Однако Колдвелл, вновь окунувшейся в знакомые волны апатии и практически не участвовавшей в беседе, было абсолютно все равно. Она лишь несколько раз лаконично ответила Мартину, упорно и почти тщетно пытавшемуся вовлечь её в увлекательный диалог.

— В этой деревне странности происходят, пожалуй, даже чаще, чем в городе, — смутно доносилось до слуха Эммы, погружённой в себя. — Вчера женщину что-то зарезало изнутри — прямо как меня начало тогда… Неужели ты не слышал?

Последние слова заставили Колдвелл выйти из тревожных раздумий, сосредоточившись на речи новой знакомой, пытаясь понять, что действительно творилось вокруг. Ей почему-то на миг показалось, что Джоанна знает. Всё знает — даже мелочи, детали, подробности.

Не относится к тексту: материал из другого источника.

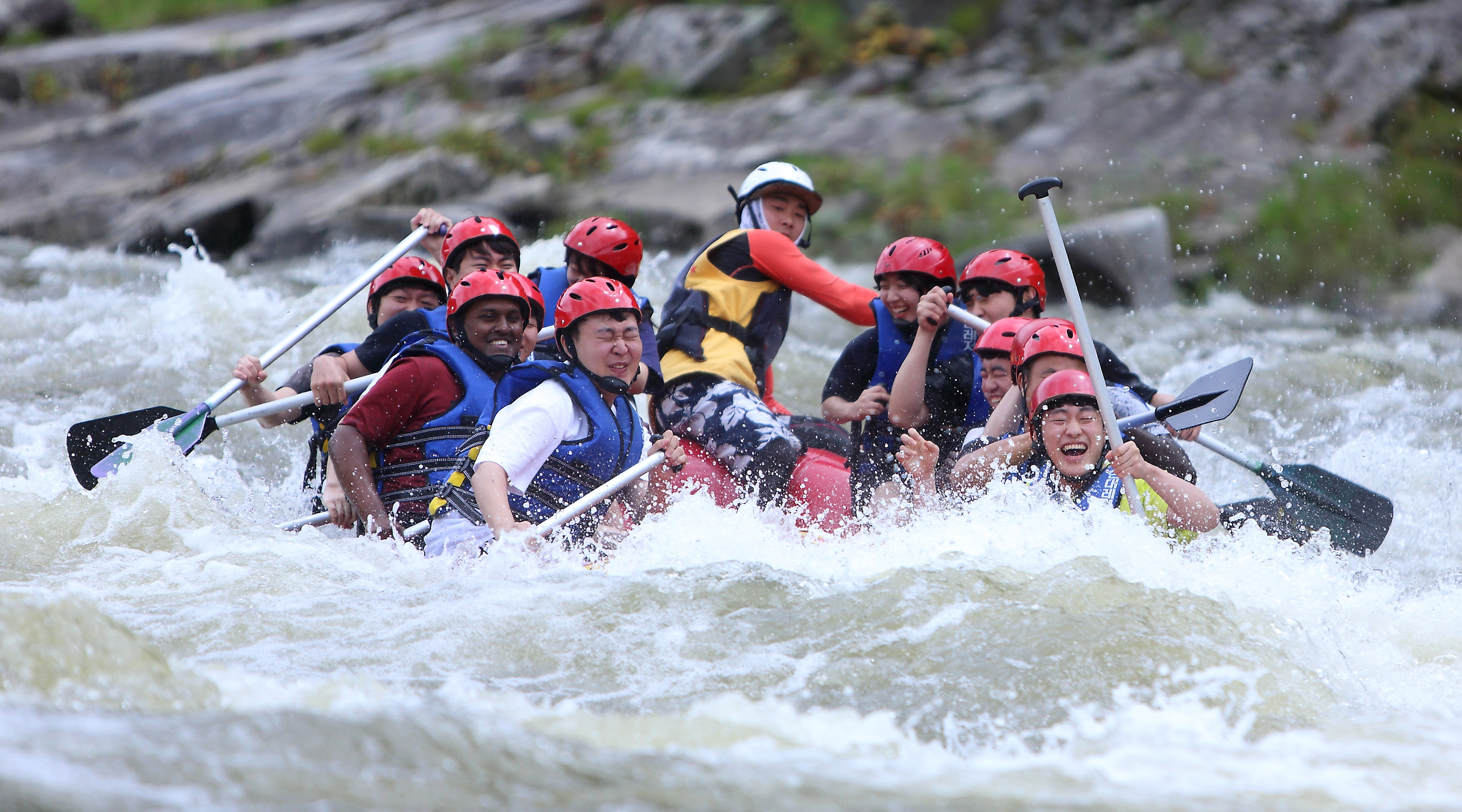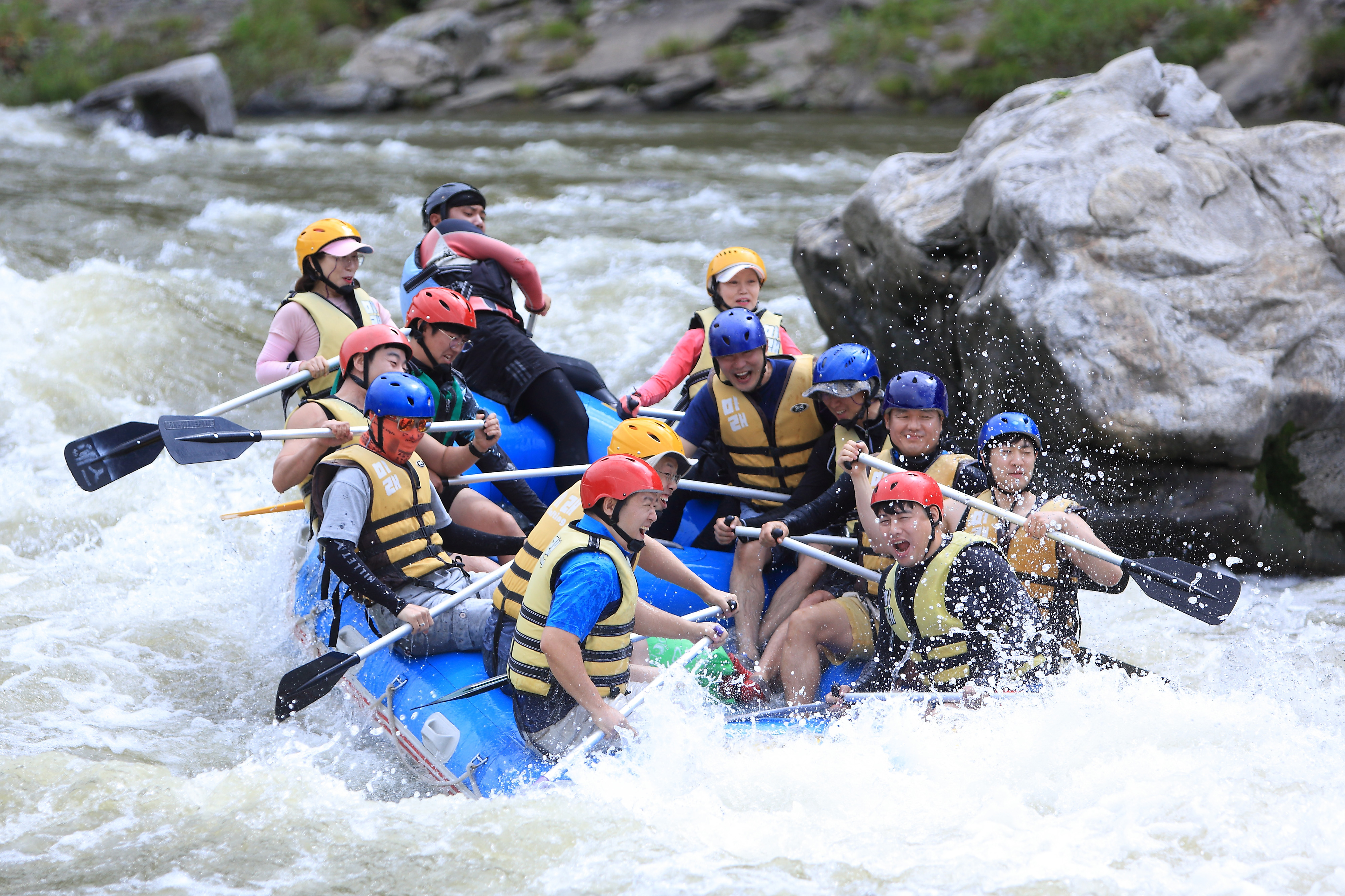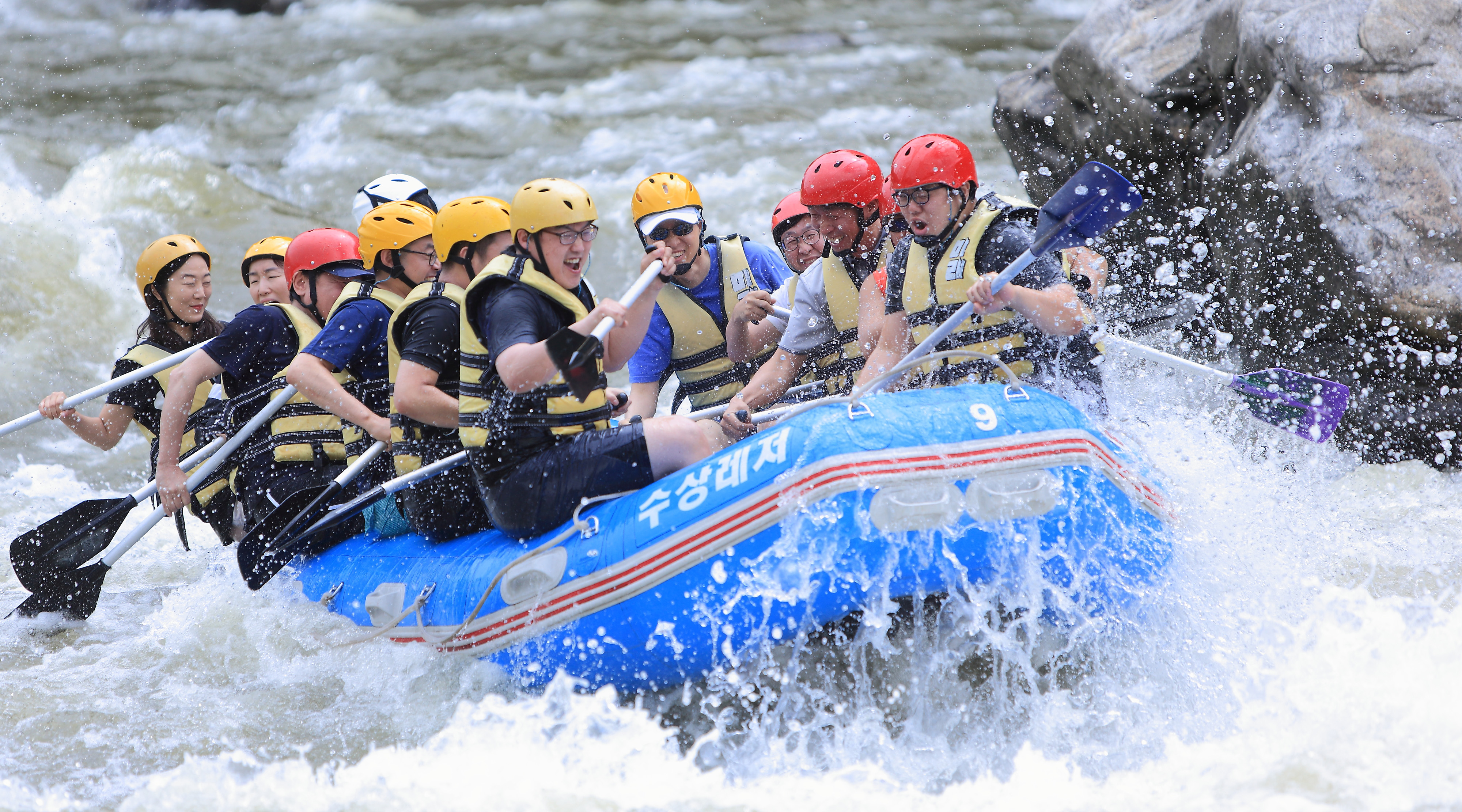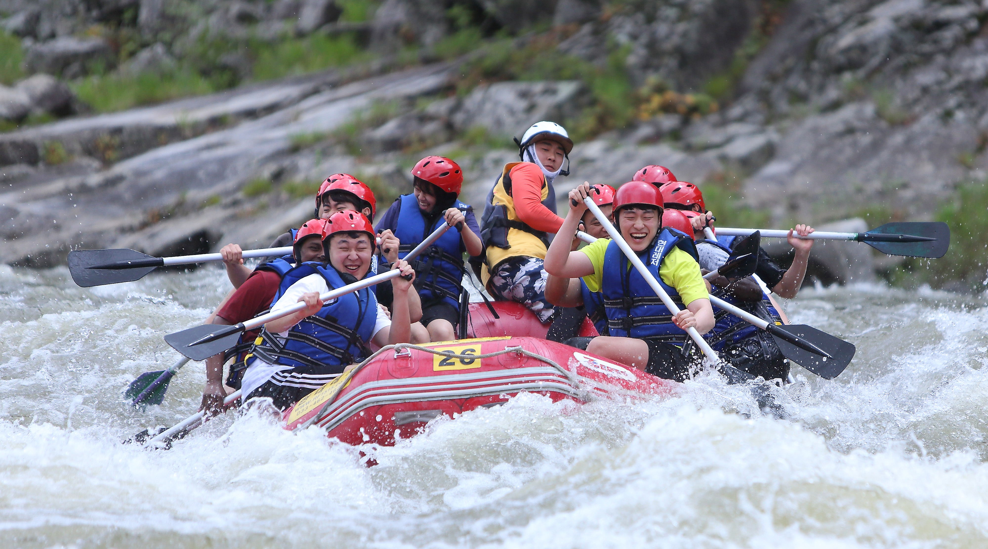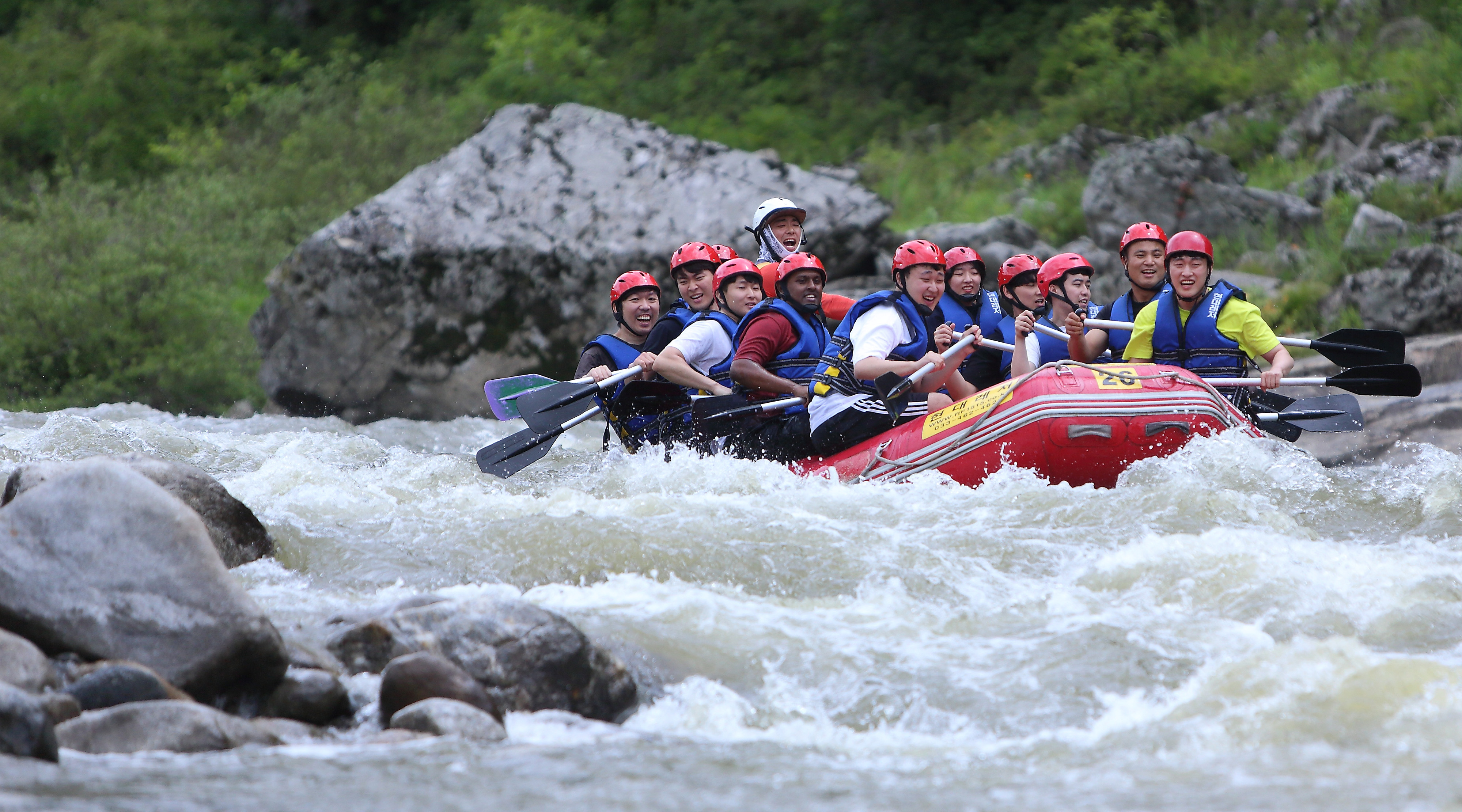 지난 주말인 13일 관광객들이 인제 내린천의 비경과 함께 시원한 물살을 가르며 스릴 만점 래프팅 체험을 즐기고 있다.

Джоанна подробно рассказала, как в прошлый раз она наведывалась в деревню, как пыталась отыскать нечто мистическое, чтобы заснять на видео, и как неудачно окончилось её путешествие. Неведомое приблизилось, её начало разрывать изнутри, и она не могла убрать руки, застывшие внезапно в одной и той же позе. Кто-то словно управлял ею, и, если бы не помощь Мартина, согласившегося с ущербом для себя подержать её за «обезумевшие» конечности, Джоанна бы непременно погибла.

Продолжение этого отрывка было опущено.